The second rank was given to the hybrid TLRN of one layer and GA optimization in all layers, where the healthy and the distressed companies were classified correctly at 99.66% and 98.05%, respectively, the correlation coefficient r was 0.986, the error was the lowest, with MSE of 0.022, NMSE of 0.056, 3.78% error, and AIC pf −828.46, requiring 3 h 34′11″ to converge, exposed though to overfitting.

The third rank was taken by the Hybrid Recurrent net of one layer, GAs on the inputs only, with 98.99% and 96.6% correct classifications for the healthy and the distressed companies, very high fitness of the model to the data at 0.986, 0.038 MSE, 0.093 NMSE, 2.86% error, very high impartiality integrity on the Akaike Information Criterion (AIC) at −2148.5, and a fast time of 54 min 40 s.

The fourth rank was given to the Hybrid Jordan–Elman model of one layer, GAs in inputs and outputs only, fine classification, 0.983 r, low error, low Akaike Information Criterion (AIC). The fifth rank was taken by the Hybrid Jordan–Elman of no layers, GAs in inputs and outputs only in excellent classification, 0.978 r, low error, low AIC. The sixth rank was awarded to the Hybrid TLRN of one layer, GAs in all layers and cross-validation, in fine classification, very high r, low error, low AIC. The seventh rank was taken by the Hybrid TLRN of two layers, GAs in all layers and cross-validation, in fine classification, very high r, low error, low AIC. The eighth rank was given to the Jordan–Elman Neural Net of one layer in excellent classification, very high r, low error, low AIC. The ninth rank was given to the Hybrid Jordan–Elman Neural Net of two layers, GAs in all layers and cross-validation, in excellent classification, very high r, low error, low AIC. The tenth rank was taken by the Hybrid TLRN of three layers, GAs in all layers and cross-validation, in fine classification, very high r, low error, high AIC, indicating partiality. The eleventh rank was given to the TLRN of two layers, in fine classification, very high r, low error, low AIC. The twelfth rank was offered to the Hybrid Jordan–Elman of one layer, GAs in all layers, in fine classification, very high r, low error, low AIC. The thirteenth rank was taken by the Jordan–Elman model of two layers, GAs in all layers, in fine classification, very high r, low error, low AIC. The fourteenth rank was offered to the TLRN of one layer in a nice classification, very high r, low error, low AIC. The fifteenth rank was given to the Hybrid Jordan–Elman of two layers, GAs in input layers, in an excellent classification, very high r, low error, low AIC. The sixteenth rank was given to the Hybrid MLP of one layer, GAs in all layers, in a fine classification, very high r, medium error, low AIC. Finally, the last rank was given to the Recurrent Neural Network of one layer, with quite good classification, high r, medium error, low AIC.

8. Concluding Remarks

The EPOS model offers an integrated approach on the optimal portfolio selection problem. Its module-based architecture ensures a flexible environment that can support demanding environments. The consideration of the fundamentals as a significant parameter of the problem, alongside the introduction of a more complex isoelastic utility function, can provide more customer-tailored solutions with higher efficiency. Finally, in terms of the classifier within the EPOS model, the Hybrid TLRN of GA optimization in all layers and cross-validation, with no hidden layers, was the most optimal hybrid system that can support the decision-making process.

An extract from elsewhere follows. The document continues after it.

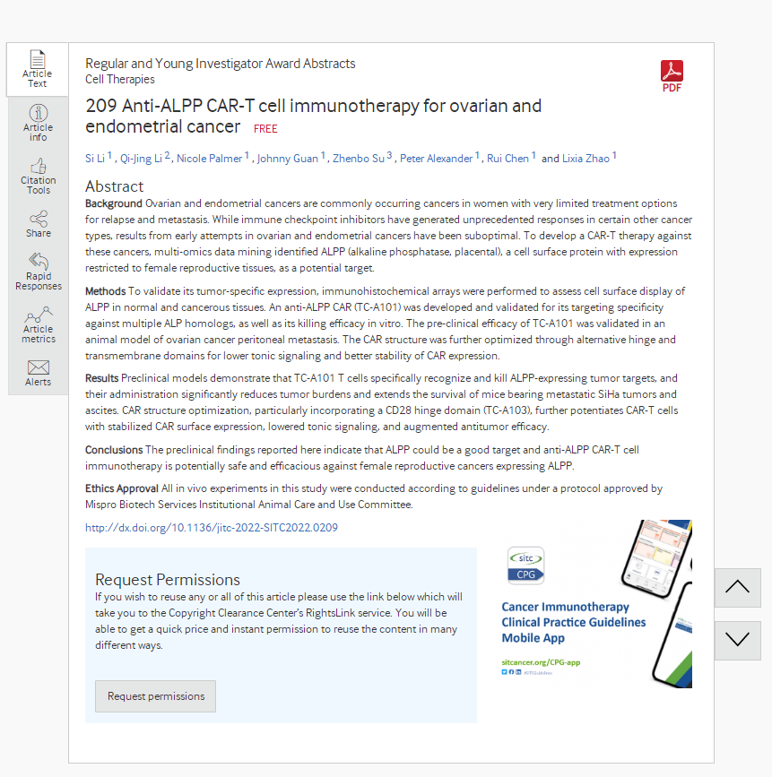 在本次盛會上,天科雅生物以壁報形式展示”首個用于泛婦科腫瘤的CAR-T細胞免疫療法“ 臨床前研發(fā)及初步的臨床試驗結果。

This approach can have multiple applications in the industry: (1) portfolio optimization, in more efficient filtering of stocks, (2) fraud detection, with a core analysis of the semi-strong efficient information that is publicly available, (3) optimization of classifiers in many industries. The principal problem of logic restricted here in the portfolio optimization problem is answered. The main philosophical question, ambiguous since the dawn of civilization, is answered here, showing that logic is dynamically flexible in a linear process, but adjusts by overriding on new challenging ideas with temporally short memory requirements that offer higher potential than the usual series of events. Thus, the time-consuming and complicated process is effectively simplified. It is non-linear, but is consistent with the maximization of utility and investors’ economic welfare. Future work will numerically examine utilities and the wealth effect in the new trends of the bubble correlation.

Author Contributions

Conceptualization, N.L.; methodology, N.L.; software, N.L.; validation, N.L.; formal analysis N.L.; investigation, N.L.; resources, N.L.; data curation, N.L.; writing—original draft preparation, N.L.; visualization, N.L.; supervision, I.E., Y.B., G.G. and N.L.; project administration, N.L.; funding acquisition, N.L. All authors have read and agreed to the published version of the manuscript.

Funding

This research received external funding from the ELKE Fund of the Universities of Macedonia, Democritus University of Thrace and West Attica.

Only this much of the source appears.